Using the theory of guaranteed estimation, the controller (1st player)
builds informational sets and tries to minimize the payoff functional
depending of the informational set at the end of observation process.
The second player (an opponent) choosing the disturbances intends to
prevent the controller and tries to maximize the functional. The situa-
tion is reduced to a differential game with complete information where
the players are used the positional strategies depending on parameters
of informational sets. An example with a flying vehicle is examined.
1 Introduction
We use the theory of guaranteed estimation [Kurzhanski & Varaiya, 2014] and give a generalization for the case
with integral constraints. As the result of the solution we obtain the differential equations describing the evolution
of the informational sets. With the help of these equations the differential game with complete information is
formulated. To solve this we use the theory of positional differential games [Krasovskii, 1985, Lokshin, 1992,
Souganidis, 1985, Souganidis, 1999, Subbotin, 1999]. The existence of an optimal strategy is established and a
method of construction is suggested. It is established that the differential game has a value and a saddle point.
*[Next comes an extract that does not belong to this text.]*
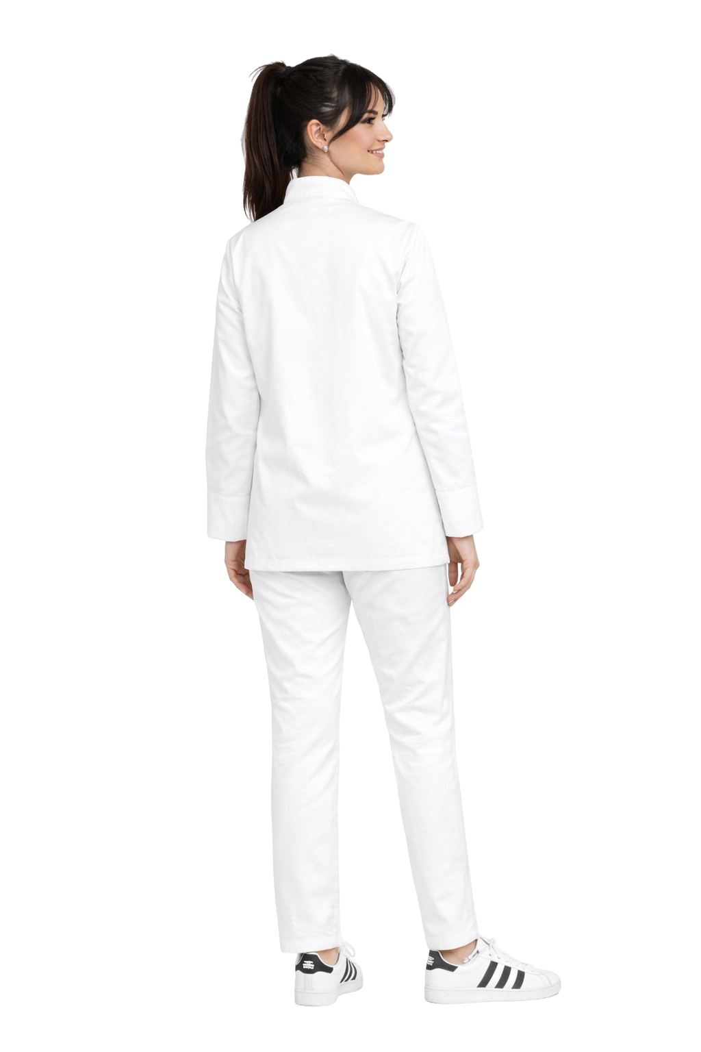 Сигара панталоните със заострени крачоли придават на комплекта модерен, елегантен вид. Еластичният колан с ластик и връзки осигурява идеалното прилягане и удобство по време на стояща работа.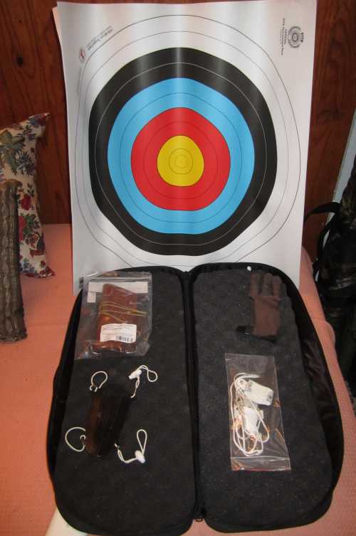 Arco recurvado (el kit que venden en A Alvarez) acompañado de 11 flechas en total, brazalera de cuero además de la que lleva el kit y dactilera de cuero en vez de la de plástico. También doy varias dianas sin estrenar y funda de transporte.

Another approach to the problem under consideration is suggested in [Ananyev, 2017]. Observations’ control
problems were considered in [Ananiev, 2011, Ananyev, 2012].
The paper is organized as follows. In section 2 we give the background for guaranteed estimation. Section
3 contains a formulation of the problem. In section 4 we consider a solution with the help of Hamilton-Jacobi-
Bellman-Isaacs (HJBI) equation and suggest a numerical scheme. Here we define the strategies of players and
stepwise solutions of the equations according to [Krasovskii, 1985, Subbotin, 1999]. Unfortunately, we cannot
solve the HJBI equation with unbounded functions of the 2nd player. But we avoid this temporarily introducing
the constraint on functions of the 2nd player. After that we pass to the limit and obtain the value of the game
which computed in [Lokshin, 1992] by other way. Section 5 is devoted to an example.
Copyright ⃝
c by the paper’s authors. Copying permitted for private and academic purposes.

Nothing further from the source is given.